- [SUPPLIED DATA]

= = =

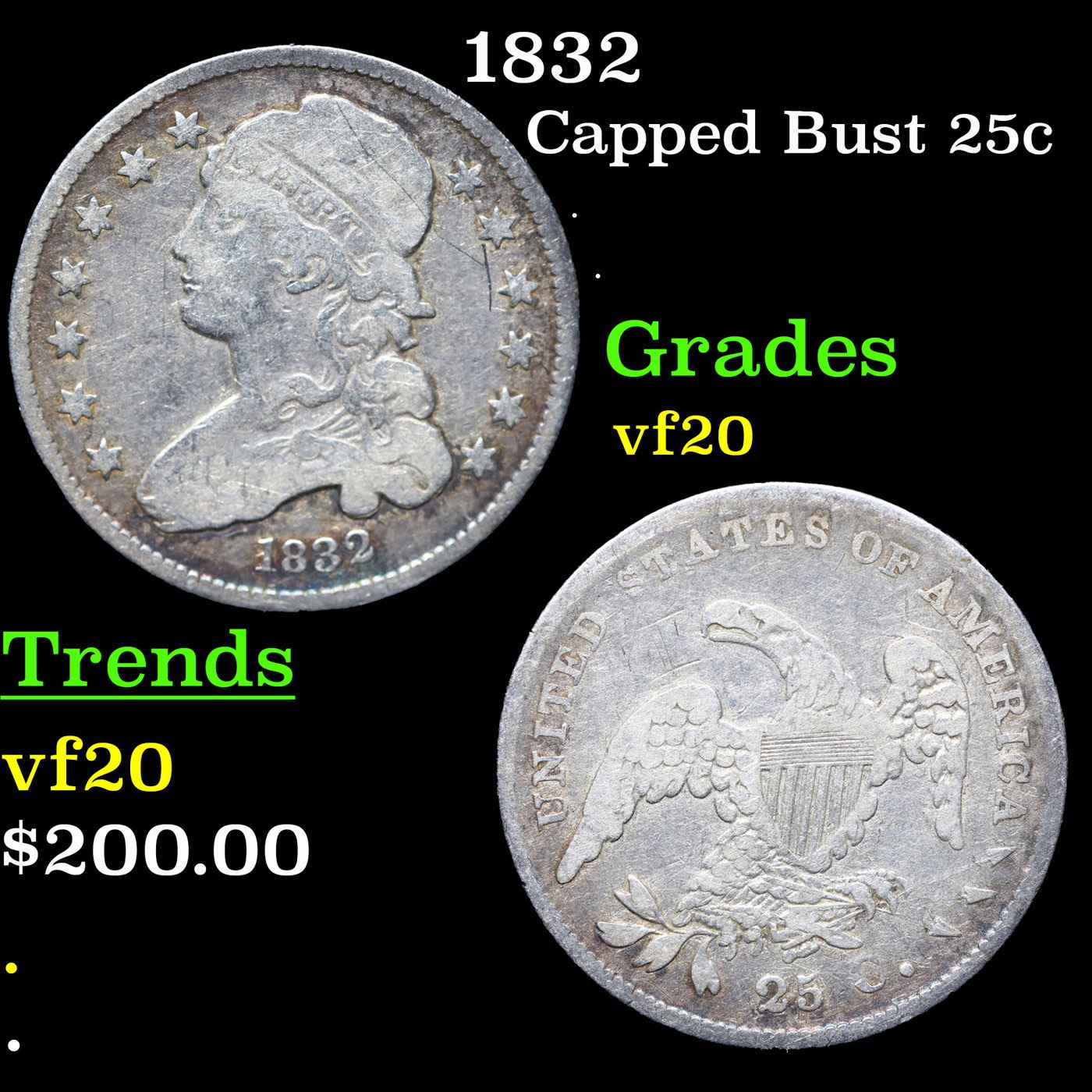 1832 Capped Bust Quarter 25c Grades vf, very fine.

= = =

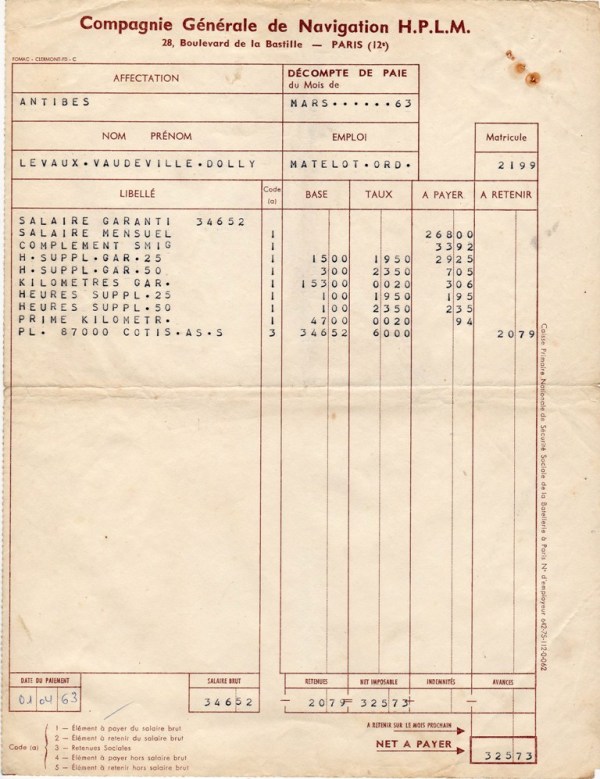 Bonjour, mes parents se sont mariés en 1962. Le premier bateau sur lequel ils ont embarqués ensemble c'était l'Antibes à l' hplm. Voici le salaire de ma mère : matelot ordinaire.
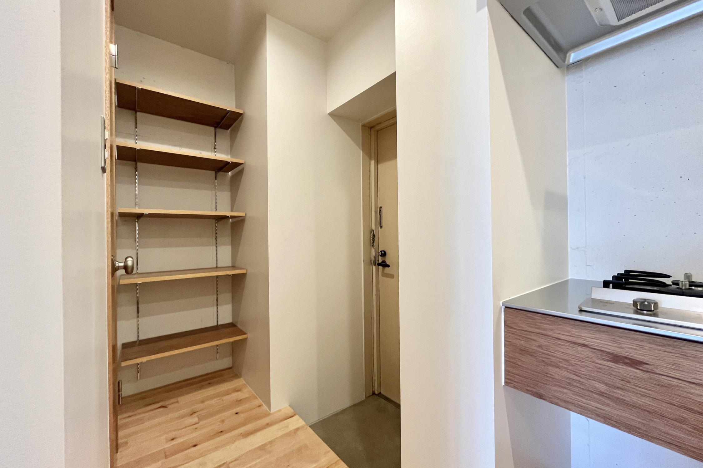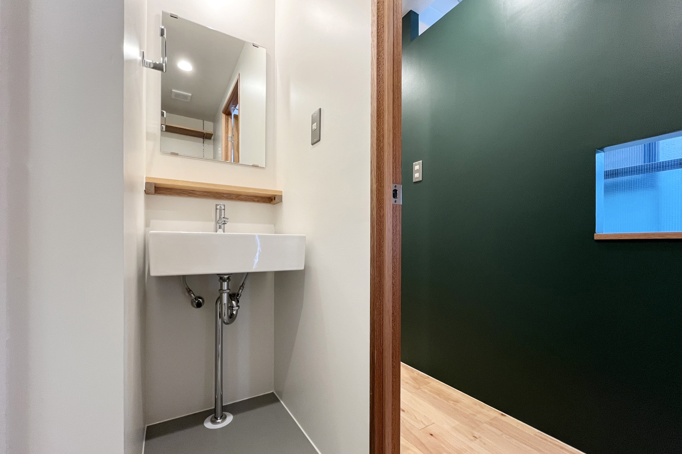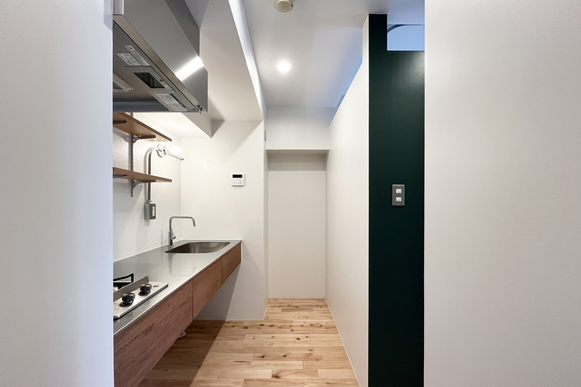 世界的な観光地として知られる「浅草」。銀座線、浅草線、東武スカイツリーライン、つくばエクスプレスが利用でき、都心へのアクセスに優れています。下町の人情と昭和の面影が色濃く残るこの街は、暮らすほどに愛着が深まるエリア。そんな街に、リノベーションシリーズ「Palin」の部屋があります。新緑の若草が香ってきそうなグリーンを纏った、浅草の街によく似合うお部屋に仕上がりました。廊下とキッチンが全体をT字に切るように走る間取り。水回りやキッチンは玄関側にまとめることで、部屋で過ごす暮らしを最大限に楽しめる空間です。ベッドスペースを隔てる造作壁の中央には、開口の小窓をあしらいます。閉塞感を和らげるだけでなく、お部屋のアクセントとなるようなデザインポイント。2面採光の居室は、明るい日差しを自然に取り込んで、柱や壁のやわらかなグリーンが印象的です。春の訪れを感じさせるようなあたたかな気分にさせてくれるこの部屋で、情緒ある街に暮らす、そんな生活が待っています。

= = =

- [WORK INSTRUCTIONS]
Only the lines starting at the one with "Bonjour, mes parents" and ending at the one with "世界的な観光地として知られる" should be printed, each exactly as it appears in the material above; the pictures are to be omitted.

- [TASK OUTPUT]
 Bonjour, mes parents se sont mariés en 1962. Le premier bateau sur lequel ils ont embarqués ensemble c'était l'Antibes à l' hplm. Voici le salaire de ma mère : matelot ordinaire.
 世界的な観光地として知られる「浅草」。銀座線、浅草線、東武スカイツリーライン、つくばエクスプレスが利用でき、都心へのアクセスに優れています。下町の人情と昭和の面影が色濃く残るこの街は、暮らすほどに愛着が深まるエリア。そんな街に、リノベーションシリーズ「Palin」の部屋があります。新緑の若草が香ってきそうなグリーンを纏った、浅草の街によく似合うお部屋に仕上がりました。廊下とキッチンが全体をT字に切るように走る間取り。水回りやキッチンは玄関側にまとめることで、部屋で過ごす暮らしを最大限に楽しめる空間です。ベッドスペースを隔てる造作壁の中央には、開口の小窓をあしらいます。閉塞感を和らげるだけでなく、お部屋のアクセントとなるようなデザインポイント。2面採光の居室は、明るい日差しを自然に取り込んで、柱や壁のやわらかなグリーンが印象的です。春の訪れを感じさせるようなあたたかな気分にさせてくれるこの部屋で、情緒ある街に暮らす、そんな生活が待っています。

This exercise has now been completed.